The problem: From the listing below, please restate exactly the lines beginning at the one with "Komoda Valencia wyposażona" and ending at the one with "Este documento describe", both included, and skip the pictures.

Given records:
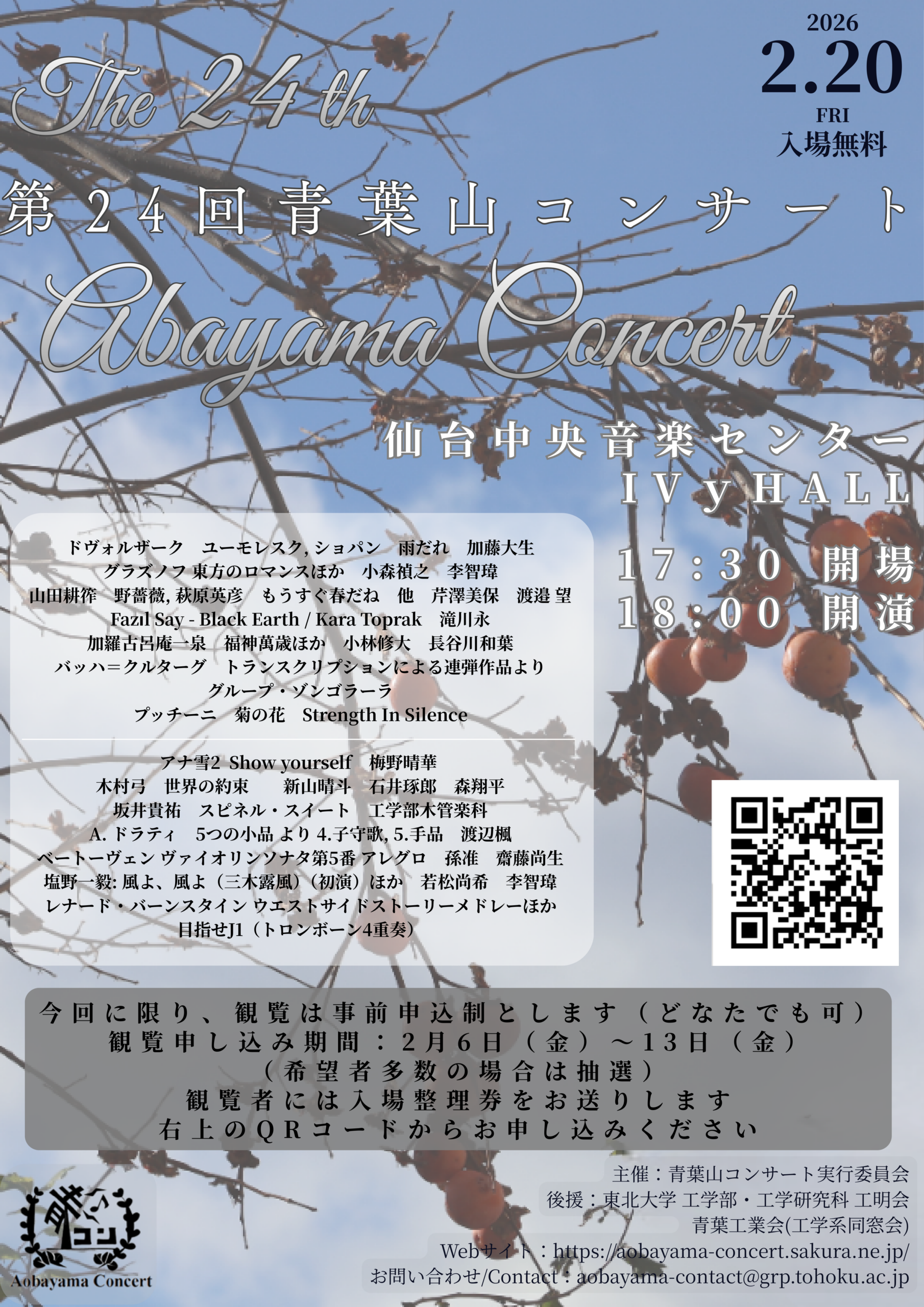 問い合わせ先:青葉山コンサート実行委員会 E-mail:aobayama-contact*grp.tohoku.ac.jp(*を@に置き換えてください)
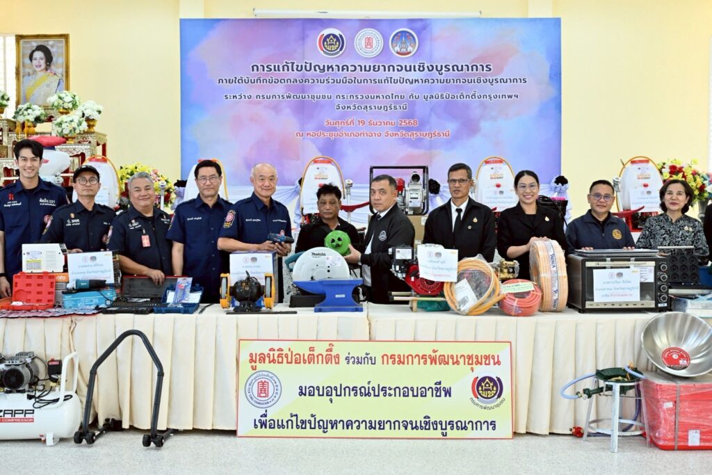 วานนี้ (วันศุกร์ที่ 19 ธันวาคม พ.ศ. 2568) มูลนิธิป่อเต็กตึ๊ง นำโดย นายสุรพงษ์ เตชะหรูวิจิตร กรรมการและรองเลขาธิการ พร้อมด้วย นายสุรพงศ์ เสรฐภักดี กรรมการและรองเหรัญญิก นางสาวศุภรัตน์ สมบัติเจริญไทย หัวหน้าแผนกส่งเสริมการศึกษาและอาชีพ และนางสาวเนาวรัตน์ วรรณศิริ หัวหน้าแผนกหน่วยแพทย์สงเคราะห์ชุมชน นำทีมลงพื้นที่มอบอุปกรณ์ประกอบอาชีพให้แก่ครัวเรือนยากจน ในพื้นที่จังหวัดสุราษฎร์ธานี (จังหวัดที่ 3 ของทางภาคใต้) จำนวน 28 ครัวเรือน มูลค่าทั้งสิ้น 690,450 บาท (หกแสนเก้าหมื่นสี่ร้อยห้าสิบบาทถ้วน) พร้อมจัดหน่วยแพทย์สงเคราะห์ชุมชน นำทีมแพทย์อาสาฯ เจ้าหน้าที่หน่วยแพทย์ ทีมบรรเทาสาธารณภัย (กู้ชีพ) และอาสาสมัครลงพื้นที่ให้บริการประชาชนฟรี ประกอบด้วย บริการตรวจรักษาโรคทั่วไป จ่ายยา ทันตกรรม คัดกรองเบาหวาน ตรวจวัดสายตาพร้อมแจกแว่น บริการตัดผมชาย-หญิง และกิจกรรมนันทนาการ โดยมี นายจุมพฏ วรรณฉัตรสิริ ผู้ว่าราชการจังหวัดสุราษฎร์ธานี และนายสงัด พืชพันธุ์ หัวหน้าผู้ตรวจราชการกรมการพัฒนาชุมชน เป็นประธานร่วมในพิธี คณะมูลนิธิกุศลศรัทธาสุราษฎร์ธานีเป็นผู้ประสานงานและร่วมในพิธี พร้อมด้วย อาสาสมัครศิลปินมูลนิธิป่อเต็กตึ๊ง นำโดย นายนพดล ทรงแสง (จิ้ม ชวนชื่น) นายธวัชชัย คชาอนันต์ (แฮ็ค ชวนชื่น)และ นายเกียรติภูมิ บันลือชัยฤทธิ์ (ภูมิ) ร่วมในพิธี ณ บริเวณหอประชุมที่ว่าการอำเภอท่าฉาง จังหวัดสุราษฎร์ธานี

---

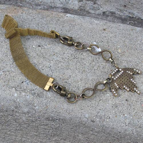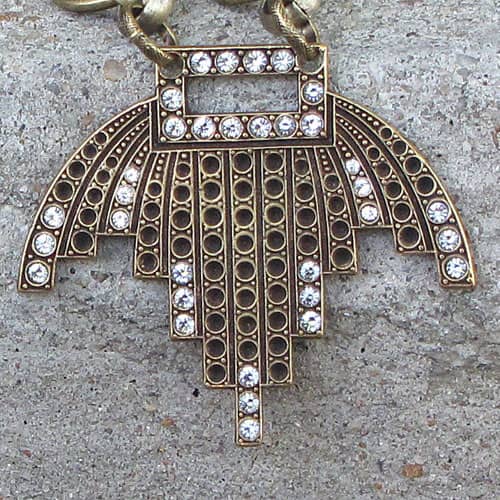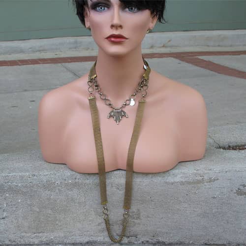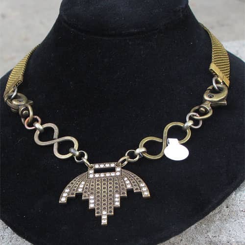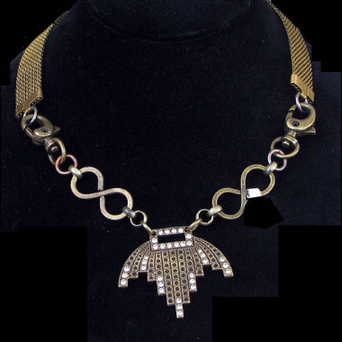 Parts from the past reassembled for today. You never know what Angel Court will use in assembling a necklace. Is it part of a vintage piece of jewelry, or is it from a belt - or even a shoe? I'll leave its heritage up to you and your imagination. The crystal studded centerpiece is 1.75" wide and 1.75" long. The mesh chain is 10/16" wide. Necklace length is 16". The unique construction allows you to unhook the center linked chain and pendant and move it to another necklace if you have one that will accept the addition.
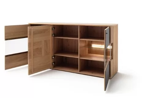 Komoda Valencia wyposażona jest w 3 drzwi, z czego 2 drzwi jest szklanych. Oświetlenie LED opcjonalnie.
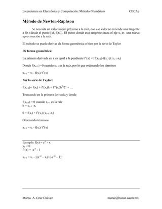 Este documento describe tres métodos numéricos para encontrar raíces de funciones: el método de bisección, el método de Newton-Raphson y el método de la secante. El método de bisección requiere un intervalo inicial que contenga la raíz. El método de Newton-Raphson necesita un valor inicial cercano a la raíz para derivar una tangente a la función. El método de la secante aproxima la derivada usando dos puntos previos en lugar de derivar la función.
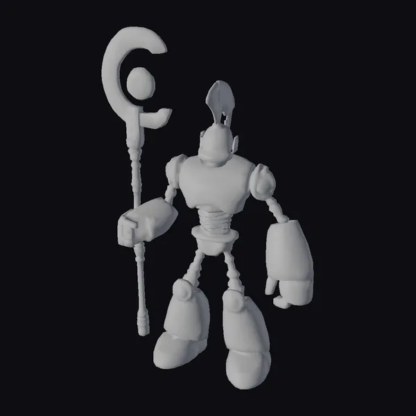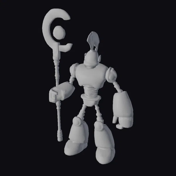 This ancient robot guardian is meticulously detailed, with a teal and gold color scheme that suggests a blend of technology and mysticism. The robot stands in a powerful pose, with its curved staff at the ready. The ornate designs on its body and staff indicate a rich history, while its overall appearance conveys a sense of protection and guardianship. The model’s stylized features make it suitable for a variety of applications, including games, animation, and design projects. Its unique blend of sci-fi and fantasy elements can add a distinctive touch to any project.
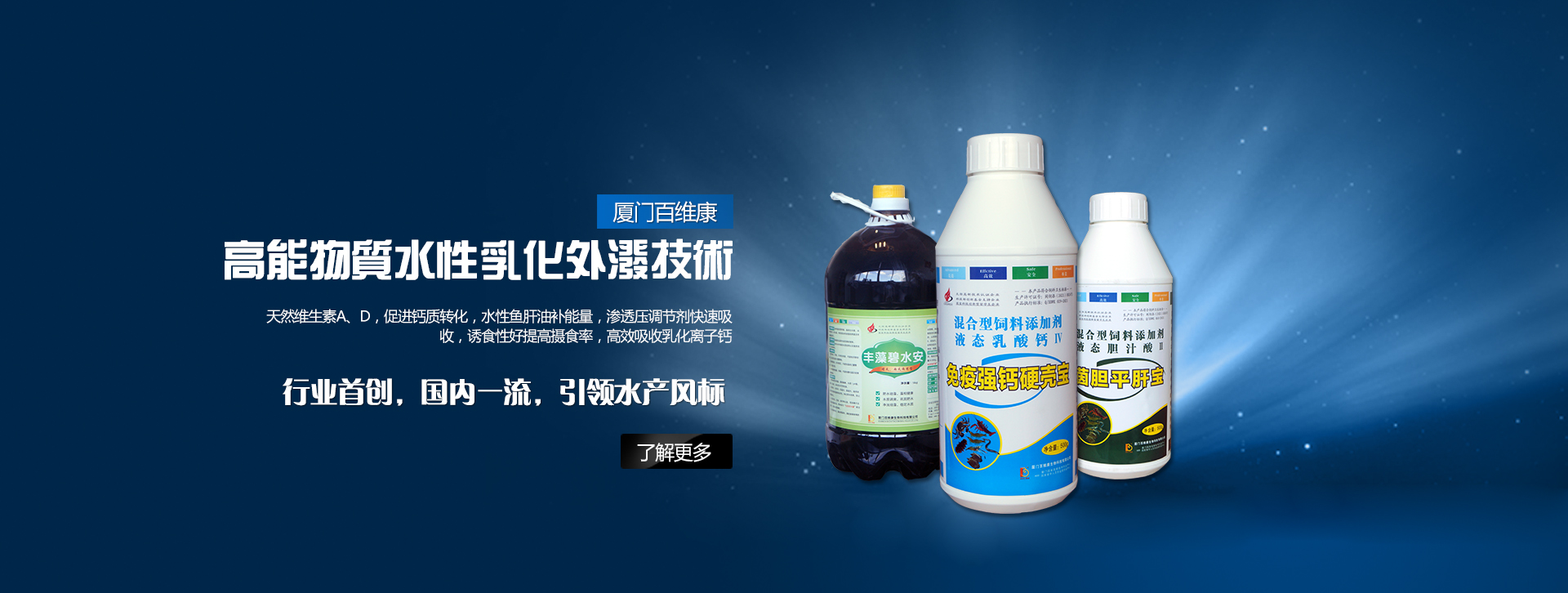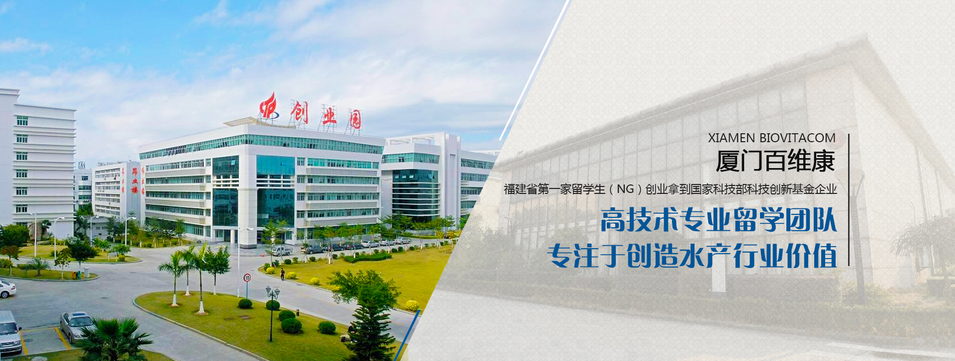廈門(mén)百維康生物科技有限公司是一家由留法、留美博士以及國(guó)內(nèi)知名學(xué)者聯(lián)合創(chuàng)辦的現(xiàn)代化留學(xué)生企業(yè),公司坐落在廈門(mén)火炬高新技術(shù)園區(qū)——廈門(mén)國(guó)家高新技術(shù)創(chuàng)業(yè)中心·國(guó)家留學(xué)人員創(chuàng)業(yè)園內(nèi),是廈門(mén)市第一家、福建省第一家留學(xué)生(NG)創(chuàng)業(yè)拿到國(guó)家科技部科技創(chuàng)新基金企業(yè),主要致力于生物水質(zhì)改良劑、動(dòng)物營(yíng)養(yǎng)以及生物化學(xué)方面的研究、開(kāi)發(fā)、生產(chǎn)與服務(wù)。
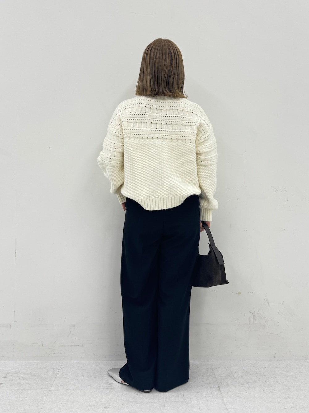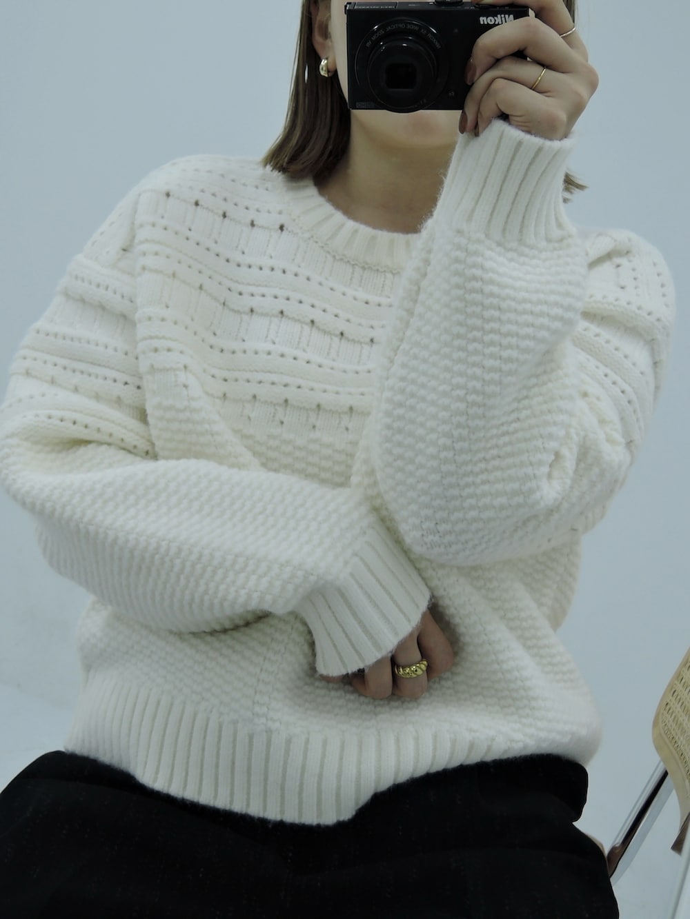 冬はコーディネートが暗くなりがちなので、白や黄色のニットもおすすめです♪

...

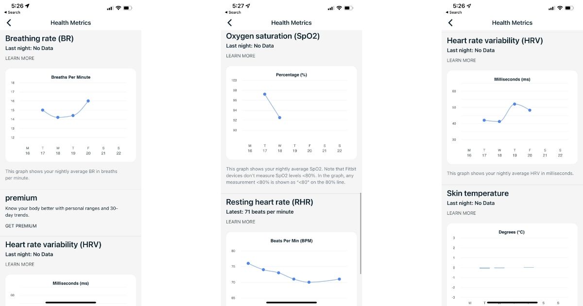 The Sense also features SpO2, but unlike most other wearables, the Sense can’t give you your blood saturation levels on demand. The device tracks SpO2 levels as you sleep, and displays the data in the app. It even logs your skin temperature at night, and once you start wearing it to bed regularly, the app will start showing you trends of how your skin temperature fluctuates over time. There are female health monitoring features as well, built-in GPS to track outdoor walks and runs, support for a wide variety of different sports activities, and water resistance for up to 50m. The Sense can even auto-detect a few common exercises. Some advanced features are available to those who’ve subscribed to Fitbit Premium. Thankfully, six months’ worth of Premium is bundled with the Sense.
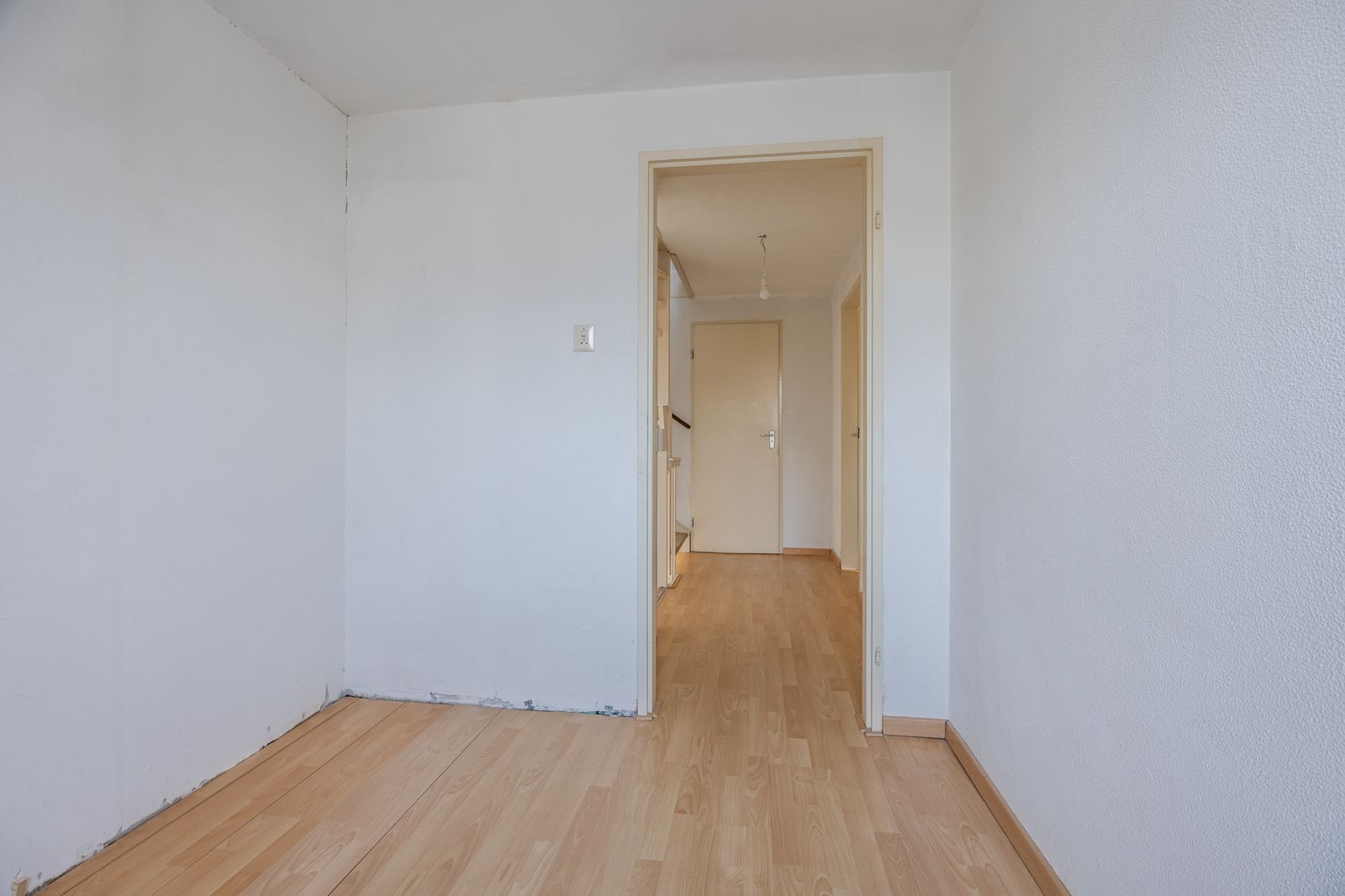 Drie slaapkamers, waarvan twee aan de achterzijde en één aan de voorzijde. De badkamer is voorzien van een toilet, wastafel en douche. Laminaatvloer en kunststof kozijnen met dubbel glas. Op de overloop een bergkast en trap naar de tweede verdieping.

Exercise response:
 Komoda Valencia wyposażona jest w 3 drzwi, z czego 2 drzwi jest szklanych. Oświetlenie LED opcjonalnie.
 Este documento describe tres métodos numéricos para encontrar raíces de funciones: el método de bisección, el método de Newton-Raphson y el método de la secante. El método de bisección requiere un intervalo inicial que contenga la raíz. El método de Newton-Raphson necesita un valor inicial cercano a la raíz para derivar una tangente a la función. El método de la secante aproxima la derivada usando dos puntos previos en lugar de derivar la función.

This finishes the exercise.